Cuando llega la edad en
la que existen más preguntas que respuestas y nada parece claro, siempre hay
alguien que parece tomarte de la mano y guiarte en medio de las tinieblas. Esas
mismas que confunden, desorientan, desmoralizan y agobian. Y, por supuesto,
está la llamada del sexo que siempre es un bombardeo hormonal en el que se
experimentan cambios físicos y psíquicos cuya peor parte es, quizá, la misma
conciencia de que existen. Puede que los hermanos, con su habitual falta de
tacto, traten de ayudar de alguna forma. Puede que los amigos, con su habitual
lejanía, también intenten algo. Sin embargo, la única persona que, de verdad,
puede saber lo que sientes, lo que deseas y, aún mejor, formularlo, es tu
madre. ¿Quién mejor para enseñar lo que no sabes? ¿Quién mejor para adiestrarte
para el futuro? Sí, es el incesto, pero no hay juicio sobre ello. Sólo una
relación tierna, sin obligaciones, esporádica y puramente didáctica. Lo demás,
sólo cabe en la misma ética del espectador.
Así es como Louis Malle
lo presentaba. Con maestría, con calma, con una total ausencia de sordidez en
la exposición, con elegancia, sin mostrar, pero diciéndolo.

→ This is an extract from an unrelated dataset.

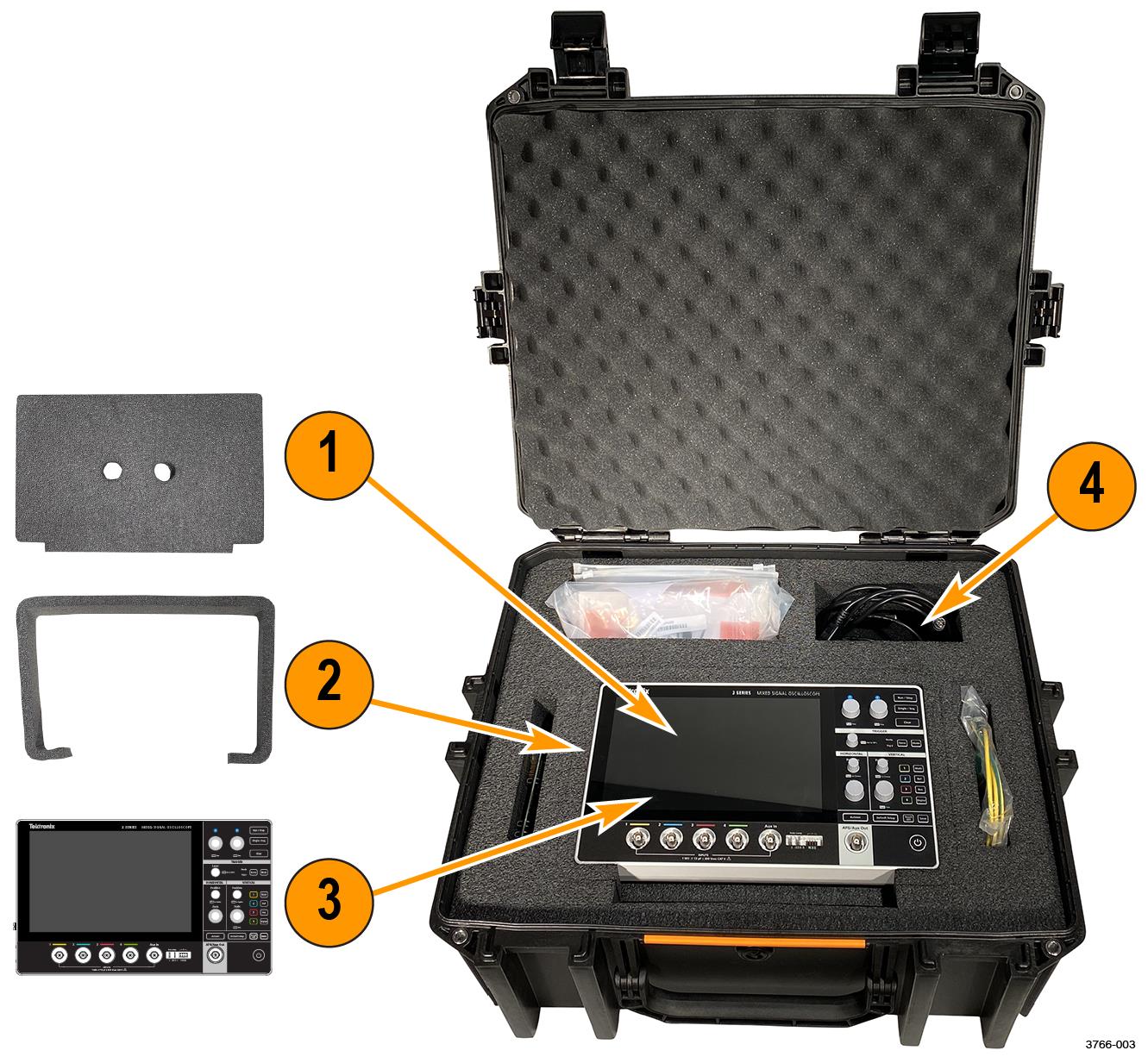 The case protects instruments from shock, vibration, and moisture. It also has room for the accessories such as; AC-DC power supply, power cord, external ground cable, probes, DUT boards, and documentation.

Sin enseñar, pero
sugiriéndolo. Quizá con la sabiduría de esa sensación de que no hay nada como
acurrucarse en el pecho de una madre y sentir su olor, su tacto, su vida. Sin
más necesidad que la protección. Sin más intención que la naturaleza.
Es el momento de hacer
las maletas y pasar unos días en el balneario porque allí, con todas las
experiencias que esperan, también se halla el enfrentamiento con la normalidad,
el juego del cortejo ingenuo e inocente de un joven con otra chica, la
seguridad de que el tiempo que pasa no siempre se pierde entre las rendijas de
la espera. Puede que haya tardes de quietud que merezcan la pena pasarse en la
habitación, viendo el movimiento del sol mientras las preguntas no dejan de
acudir a la mente y se ponen en un papel que, con toda probabilidad, no llegará
mucho más allá de la papelera. Allí, en el ambiente sano e impoluto, se puede
mejorar de ese soplo al corazón que, sin tener mayor importancia, tanto
preocupa a las madres cuando el médico pronuncia el diagnóstico. El sol sonríe
cuando la vida comienza a llamar a la puerta como si fuera el servicio de
habitaciones y todo parece una tostada con mantequilla y un croissant recién
hecho. Es el instante en el que hay que guardar la experiencia conseguida para
que, cuando sea menester, se tire de ella para reaccionar con la humanidad
necesaria, con el ímpetu justo, con la mirada sabia y serena y con la seguridad
de que todo se puede aprender de un modo natural, sin tapujos, pero sin
falsedades. Sin forzar nada. Sin hacer nada prohibido por los rincones. Sólo
con la tranquilidad de que es algo que no saldrá del polígono del deseo, de las
sábanas de telón, del día en que todo ese mundo de secretos ha alzado su velo
para mostrarse y para que el joven que un día será hombre vea que no hay nada
de especial en todo ello.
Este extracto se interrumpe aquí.